### Task instructions
Each line in the material below, starting at the one that contains "Palmeiras, Easter Set, Children's" and ending at the one that contains "同月,48岁的重庆银监局副巡", should be repeated exactly; the pictures should not.

### Records shown
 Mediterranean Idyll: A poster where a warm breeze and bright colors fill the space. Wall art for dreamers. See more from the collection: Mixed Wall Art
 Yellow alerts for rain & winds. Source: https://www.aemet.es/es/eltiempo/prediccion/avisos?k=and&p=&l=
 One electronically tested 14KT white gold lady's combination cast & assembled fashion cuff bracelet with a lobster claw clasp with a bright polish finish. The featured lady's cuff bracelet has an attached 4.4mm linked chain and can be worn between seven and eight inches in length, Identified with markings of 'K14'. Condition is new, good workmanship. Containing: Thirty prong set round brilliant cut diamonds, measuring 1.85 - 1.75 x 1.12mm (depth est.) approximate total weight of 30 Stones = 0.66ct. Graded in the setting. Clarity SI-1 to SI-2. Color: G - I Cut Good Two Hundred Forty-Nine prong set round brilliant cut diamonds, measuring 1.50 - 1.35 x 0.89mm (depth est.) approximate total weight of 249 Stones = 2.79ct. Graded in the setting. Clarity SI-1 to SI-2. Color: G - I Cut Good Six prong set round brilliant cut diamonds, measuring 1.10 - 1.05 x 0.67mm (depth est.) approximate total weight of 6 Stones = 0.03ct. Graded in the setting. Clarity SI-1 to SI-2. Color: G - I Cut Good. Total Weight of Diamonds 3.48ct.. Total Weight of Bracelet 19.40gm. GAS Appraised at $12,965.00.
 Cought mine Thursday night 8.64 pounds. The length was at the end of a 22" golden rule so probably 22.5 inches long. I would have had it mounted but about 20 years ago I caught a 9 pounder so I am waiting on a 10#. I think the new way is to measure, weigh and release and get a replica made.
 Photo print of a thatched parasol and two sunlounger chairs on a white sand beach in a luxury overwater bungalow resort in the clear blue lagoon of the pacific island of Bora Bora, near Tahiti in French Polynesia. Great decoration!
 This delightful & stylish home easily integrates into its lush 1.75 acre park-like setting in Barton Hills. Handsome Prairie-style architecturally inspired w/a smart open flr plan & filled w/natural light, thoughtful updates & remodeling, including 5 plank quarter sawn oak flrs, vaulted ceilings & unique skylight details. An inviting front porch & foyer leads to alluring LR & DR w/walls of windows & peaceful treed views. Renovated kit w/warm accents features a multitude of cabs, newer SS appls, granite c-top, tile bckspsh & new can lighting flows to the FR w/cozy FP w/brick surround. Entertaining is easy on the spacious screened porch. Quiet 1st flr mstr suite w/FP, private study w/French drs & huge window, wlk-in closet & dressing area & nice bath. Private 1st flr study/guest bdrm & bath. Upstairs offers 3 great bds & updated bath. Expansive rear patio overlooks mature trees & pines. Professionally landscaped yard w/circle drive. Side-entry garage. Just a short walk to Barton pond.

* * *

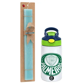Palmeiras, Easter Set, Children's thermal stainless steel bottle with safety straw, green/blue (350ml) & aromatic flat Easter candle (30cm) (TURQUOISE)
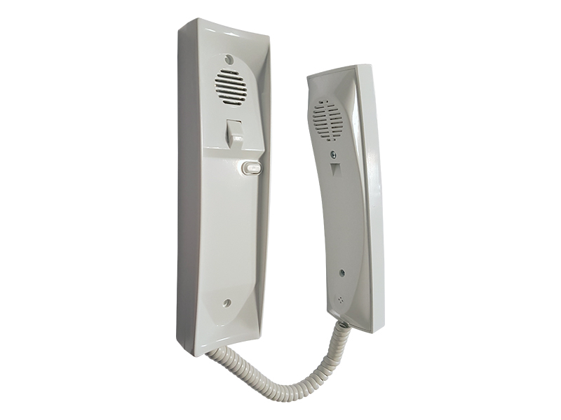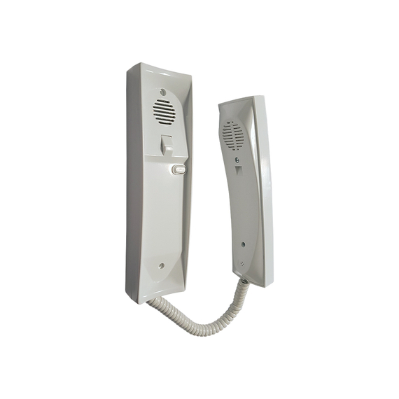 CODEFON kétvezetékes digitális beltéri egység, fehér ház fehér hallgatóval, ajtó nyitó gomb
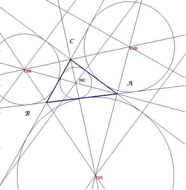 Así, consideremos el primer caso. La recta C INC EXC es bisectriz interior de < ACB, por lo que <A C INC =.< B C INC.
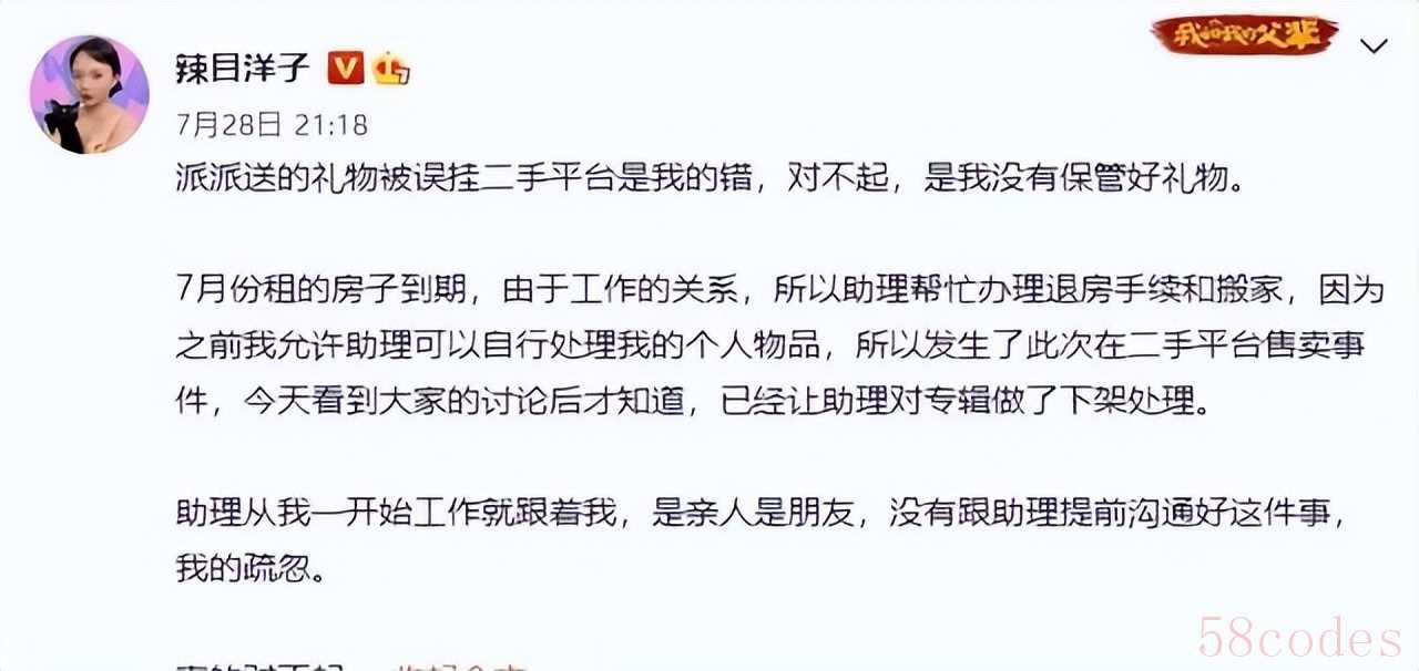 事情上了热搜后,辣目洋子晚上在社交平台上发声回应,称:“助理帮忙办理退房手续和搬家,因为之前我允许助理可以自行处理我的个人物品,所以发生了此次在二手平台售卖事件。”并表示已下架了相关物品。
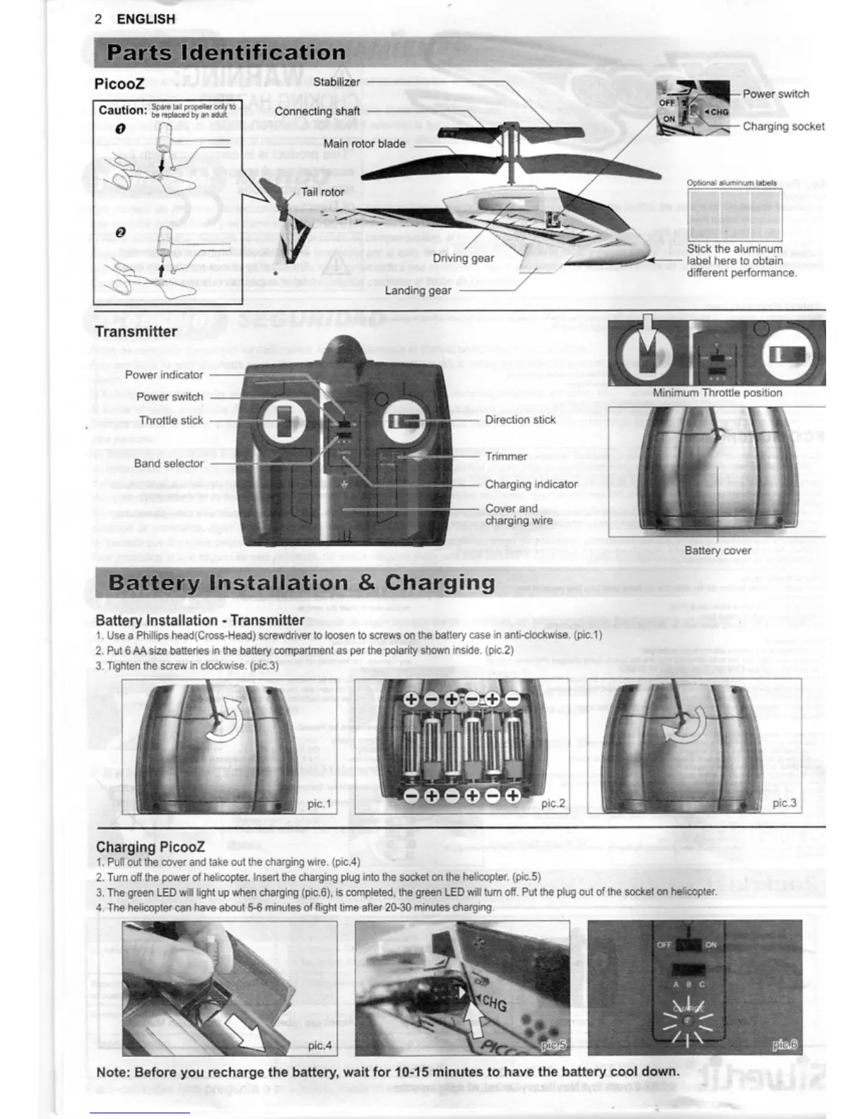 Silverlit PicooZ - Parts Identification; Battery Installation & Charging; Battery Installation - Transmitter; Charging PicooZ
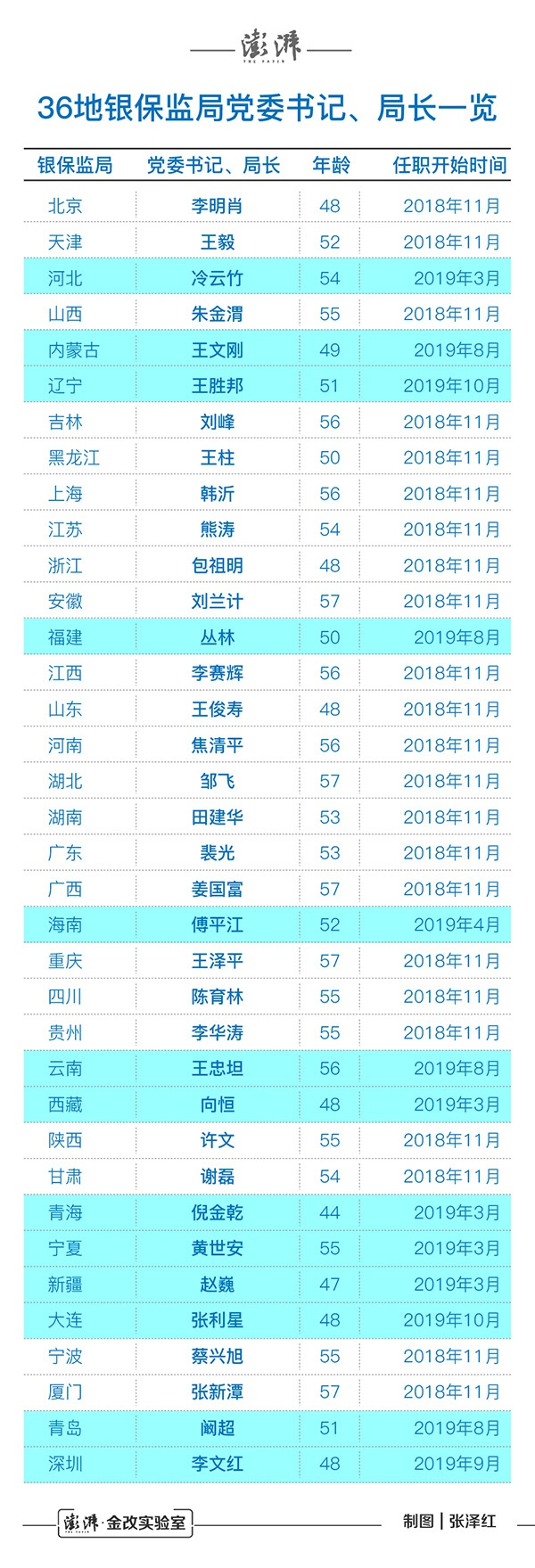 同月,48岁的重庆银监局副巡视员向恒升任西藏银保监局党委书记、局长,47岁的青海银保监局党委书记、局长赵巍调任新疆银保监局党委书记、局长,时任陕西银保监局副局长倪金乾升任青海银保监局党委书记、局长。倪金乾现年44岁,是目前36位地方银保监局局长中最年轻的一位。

### Output of the task
Palmeiras, Easter Set, Children's thermal stainless steel bottle with safety straw, green/blue (350ml) & aromatic flat Easter candle (30cm) (TURQUOISE)
 CODEFON kétvezetékes digitális beltéri egység, fehér ház fehér hallgatóval, ajtó nyitó gomb
 Así, consideremos el primer caso. La recta C INC EXC es bisectriz interior de < ACB, por lo que <A C INC =.< B C INC.
 事情上了热搜后,辣目洋子晚上在社交平台上发声回应,称:“助理帮忙办理退房手续和搬家,因为之前我允许助理可以自行处理我的个人物品,所以发生了此次在二手平台售卖事件。”并表示已下架了相关物品。
 Silverlit PicooZ - Parts Identification; Battery Installation & Charging; Battery Installation - Transmitter; Charging PicooZ
 同月,48岁的重庆银监局副巡视员向恒升任西藏银保监局党委书记、局长,47岁的青海银保监局党委书记、局长赵巍调任新疆银保监局党委书记、局长,时任陕西银保监局副局长倪金乾升任青海银保监局党委书记、局长。倪金乾现年44岁,是目前36位地方银保监局局长中最年轻的一位。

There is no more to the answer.